* _Your assignment_:
Beginning with the line that holds "This has to", copy each line through the end of the material below, exactly and with no pictures.

* _Data for the task_:
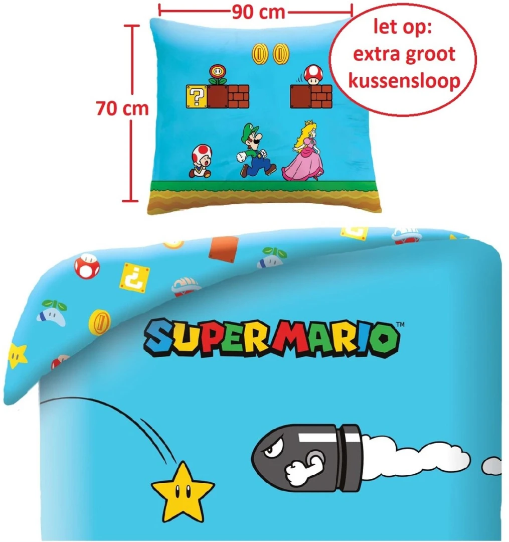 Breng de vrolijke wereld van Super Mario naar de slaapkamer met dit kleurrijke dekbedovertrek. Met zijn iconische personages en herkenbare stijl voelt elke nacht als een nieuw avontuur in het Mushroom Kingdom. Perfect voor fans die zelfs tijdens het slapen geen afscheid willen nemen van hun favoriete gameheld.
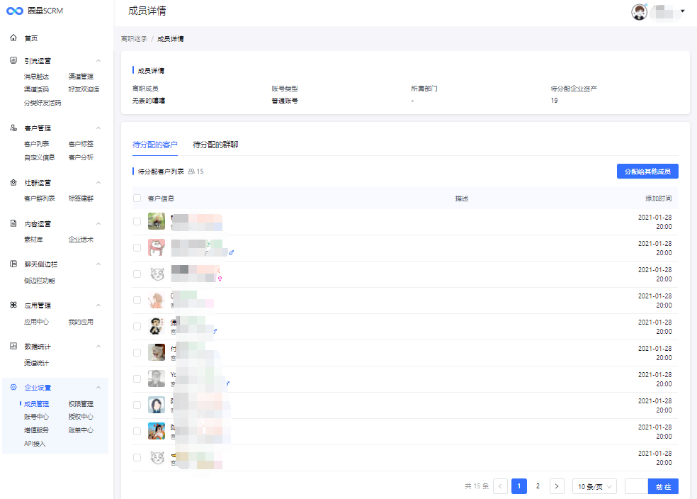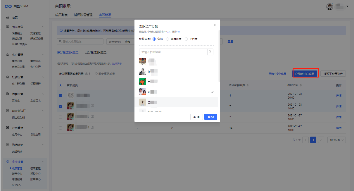 勾选离职成员,点击【分配给其他成员】,可将该离职成员客户、群聊继承给其他企业成员。
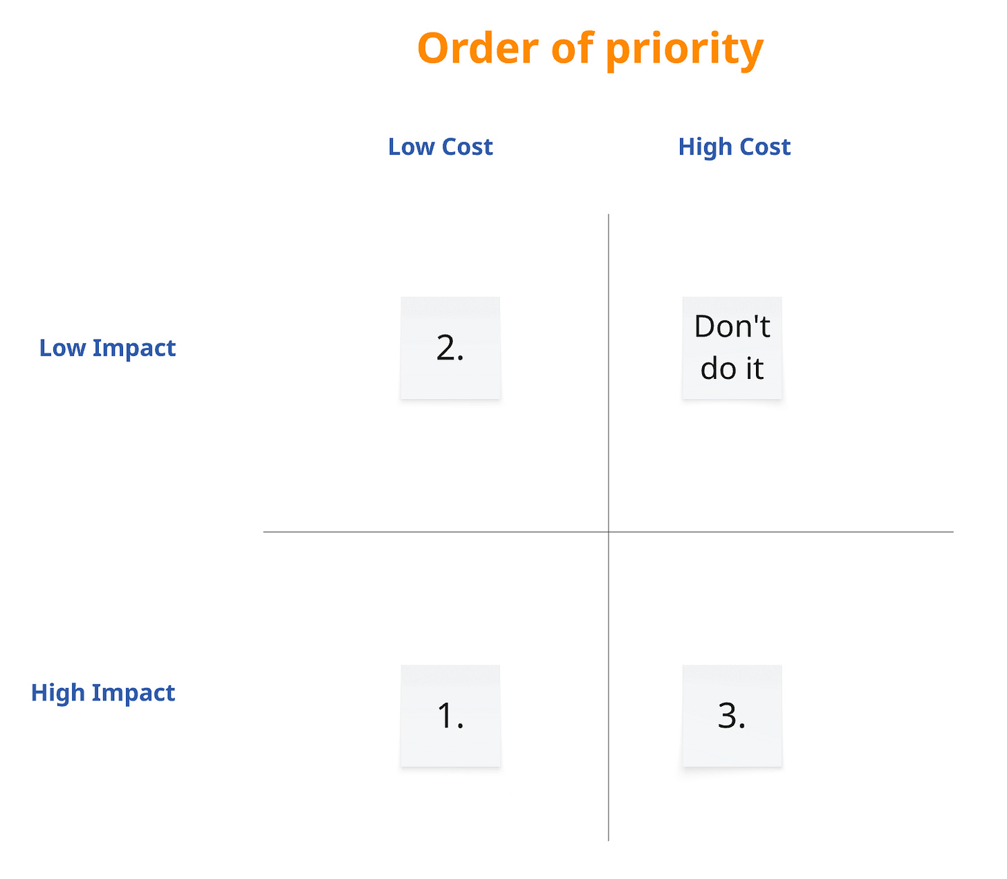 This has to do with the fact that we commonly underestimate high-cost items in terms of time and money, which delays their impact as a consequence. A lot of PM careers were cut short because of ideas that spiraled out of control over multiple quarters and took up their entire attention, neglecting other, more basic things.
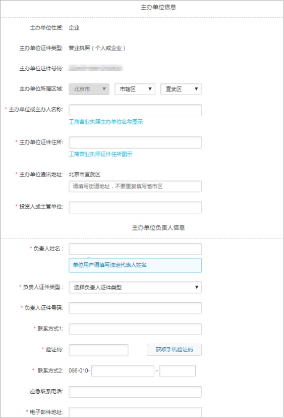 说明:主办单位通讯地址可填写证件上的地址,也可填写您实际的办公或住所地址。
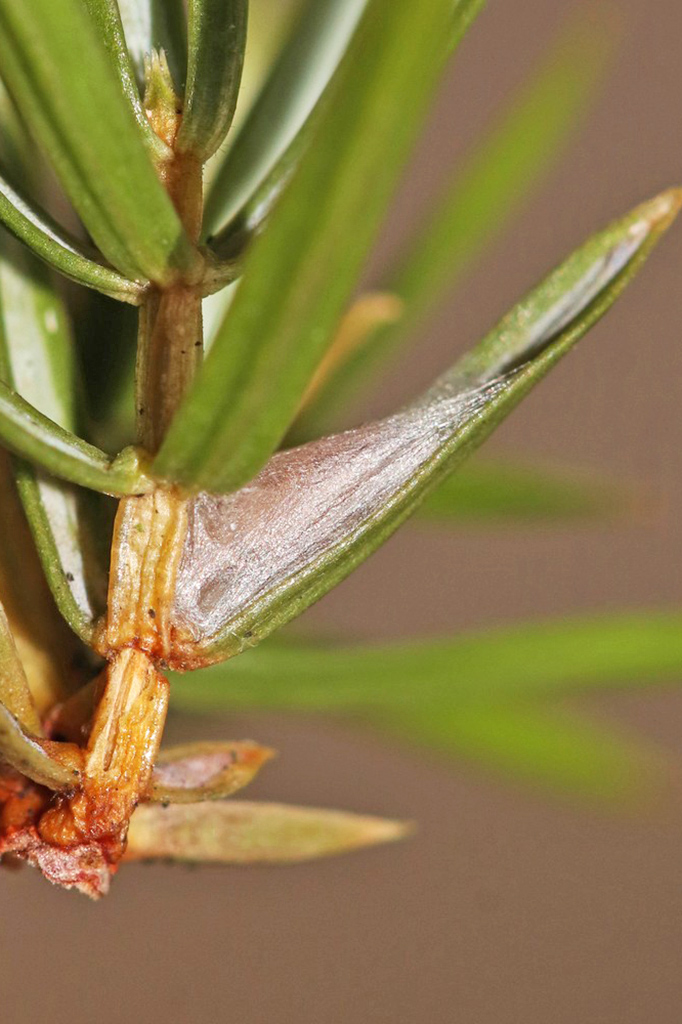 The adults can be beaten from Juniperus bushes by day.

* _Reply to the exercise_:
 This has to do with the fact that we commonly underestimate high-cost items in terms of time and money, which delays their impact as a consequence. A lot of PM careers were cut short because of ideas that spiraled out of control over multiple quarters and took up their entire attention, neglecting other, more basic things.
 说明:主办单位通讯地址可填写证件上的地址,也可填写您实际的办公或住所地址。
 The adults can be beaten from Juniperus bushes by day.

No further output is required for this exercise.